JPH11135844A - Manufacture of thermoionic module - Google Patents

Abstract

PROBLEM TO BE SOLVED: To achieve simplification of a manufacturing process of a thermoionic module and a stabilization of quality, and to achieve improvement in the heat transfer efficiency with a heat exchanger to be attached. SOLUTION: Holes for containing thermoionic elements are formed into a grid shape at specified intervals in a flat substrate 11, which is formed from electrically insulating material. From the hole wherein a thermoionic electric element that is to become a base end of an electrically serial connection is contained, to the hole wherein the thermoionic element that becomes a terminating end of the electrically serial connection, a partition part is formed by the neighboring holes and holes. For the partition part, recess parts having the depth approximately in correspondence with the thickness of the electrode plate of the thermoionic element are alternately formed vertically. In the holes of the base body, P-type thermoionic elements 21 and N-type thermoionic elements 22 are arranged alternately. A brazing filler metal 25 is filled in the recess part of the partition part of the base body to obtain the electrically serial connection. The neighboring electrode plates holding the recess parts are alternately brazed. This method comprises these processes.

Description

DETAILED DESCRIPTION OF THE INVENTION

[0001]

[0001] The present invention relates to a method for manufacturing a thermoelectric module.

[0002]

2. Description of the Related Art A thermoelectric module is formed by joining a p-type thermoelectric element and an n-type thermoelectric element via an electrode plate so as to be electrically connected in series. When a current flows between the junctions, heat is absorbed or heat is generated depending on the direction of the current. The former property is called the Seebeck effect, and has been developed for thermoelectric power generation, such as power generation by waste heat from refuse incinerators,
The latter property is called a Peltier effect, and is widely used for thermoelectric cooling such as cooling of a thermostat or an electronic device in a semiconductor manufacturing process.

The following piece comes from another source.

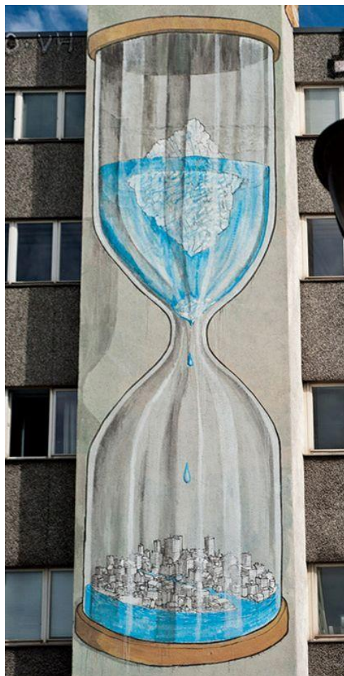
Graffiti vom Künstler BLU – Street Art in Berlin

[0003] As a typical example of a thermoelectric module, as shown in FIG.
There is a structure in which a p-type thermoelectric material (90) and an n-type thermoelectric material (91) are electrically connected in series via an electrode plate (98). The method of manufacturing this thermoelectric module will be described. As shown in FIG. 9, Ni plating layers (92) and (92) on both sides of a p-type thermoelectric material (90) and an n-type thermoelectric material (91) for improving the bonding property. ) Is applied, and solder plating layers (94) and (94) are further applied on the Ni plating layer. Next, the electrode (98) is formed by directly patterning Cu on the electrically insulating ceramic substrate (96). After the p-type thermoelectric material (90) and the n-type thermoelectric material (91) are alternately arranged on the Cu electrode (98) of the ceramic substrate (96) corresponding to the patterning position, these thermoelectric materials (9
0) On the (91), a ceramic substrate (96) on which a Cu electrode (98) is patterned is placed. When this is placed in a heating device and heated, the solder (94) (94) melts and the thermoelectric material
(90) (91) Ni plating layer (92) (92) and ceramic substrate (9
6) The Cu electrodes (98) and (98) of (96) are joined.

[0004]

In the conventional manufacturing method, p
Since the type and n-type thermoelectric material and the electrode were joined by soldering when assembling the thermoelectric module, if the size and surface condition of the thermoelectric material were not uniform, poor connection between the thermoelectric element and the solder or There have been inconveniences such as poor conductivity and loss of flatness of the thermoelectric module. In this case, if there is a poor connection between the thermoelectric element and the solder, it is impossible to partially repair the thermoelectric element. Therefore, the thermoelectric module assembled must be discarded. In the case of a thermoelectric module having a structure in which a thermoelectric element is sandwiched between ceramic plates, the ceramic plate must be thick enough to secure the rigidity of the thermoelectric module. There is a disadvantage that the heat transfer efficiency between the heat absorbing block and the heat radiating block is reduced.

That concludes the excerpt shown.